Saturday, April 13, 2013

The Car Industry

I like Volkswagen's branding, due to their ownership of multiple brands at different price points.


Unlike Mercedes or BMW, for instance, who risk diluting their brand as the move downmarket to sell cheaper and smaller cars.  Or Toyota, who created an upmarket car, but can't quite break into the luxury market...because its still a Toyota.  Always a bad idea to have your branding based on a single name.

Volkswagen have increased their European market share from 18% in 2005 to 24% in 2012, due to aggressive financing (e.g.: zero percent loans) and scale.

I took a look at their numbers.  It did not take long.  Although revenues and profits have increased nicely:


Free cashflow generation has been low.  Over the last ten years, the 73b profits generated has turned into just 9bn free cash flow:

The culprit is the finance/leasing part of the company.  Despite high capex - higher than depreciation - the Automobile production generated free cashflow every year.  But increased financing of new customers  drains most of the cash generated.

So the long term, increasing car sales consumes most of the cash generated.  As well as the normal drain on working-capital (increasing inventories/receivables), for cars, it also involves financing your customers to buy their vehicles, and building expensive factories.


An optimist could say that 37bn was spent over the past 10 years building the business:  it has quadrupled their revenue, and increased they profits 5 to 10 times.  But companies in other industries can do this and generate free cash flow while doing so (e.g.: Richemont, Coca Cola).

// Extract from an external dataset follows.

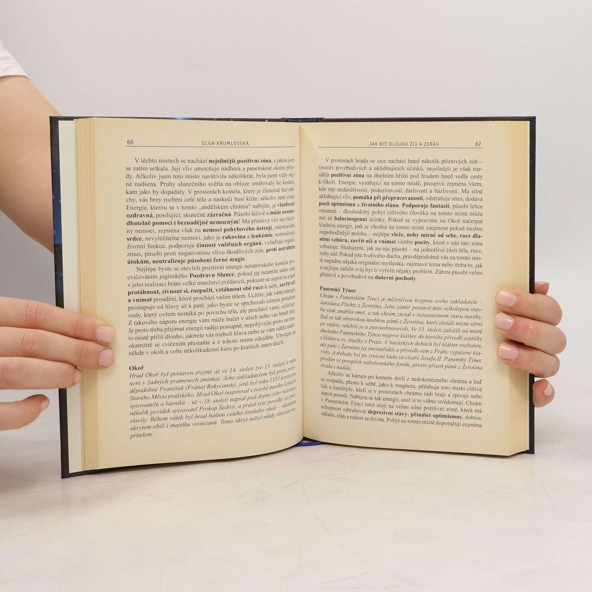 Známá astroložka se ve své nové knize zaměřuje na zdravý životní styl a na metody používané k posílení odolnosti lidského organismus vůči nemocem všeho druhu. Využívá znalosti jógy, léčebných praktik našich předků, přináší rady, jak neduhy léčit, ale také jak nemocem předcházet a zvyšovat celkovou odolnost těla i duše. Uvádí, jaké základní zdravotní problémy nejčastěji trápí jednotlivá astrologická znamení, uplatňuje znalosti astromedicíny a radí, jak mohou pomoci také aromaterapie, arteterapie, léčba pomocí kamenů, barev a poznatky feng shuej. Čtenáři se také dozvědí, jak čerpat energii v přírodě a z energeticky silných míst. Kniha Olgy Krumlovské nás zkrátka nabije energií, aktivitou a napomůže k řešení či úplnému vyléčení zdravotních problémů.

Volkswagen probably will not need to raise money from the stock market soon.   And they are probably better than their European competitors.  But they are the best of a bad lot. 

Toyota has a similar pattern.  Over the same 10 years, 8 trillion yen of profits (net income) turned into 280bn free cashflow consumed:

Again the problem is with the finance segment, though Toyota spent more of this on building up its fleet-for-lease, rather than on financing for buyers.

BMW is even worse, generating free cashflow in 2 of the past 10 years:


Daimler (Mercedes) over the past 8 years:


These are the best companies with the strongest brands in the industry.  The car industry looks like a lousy place to invest.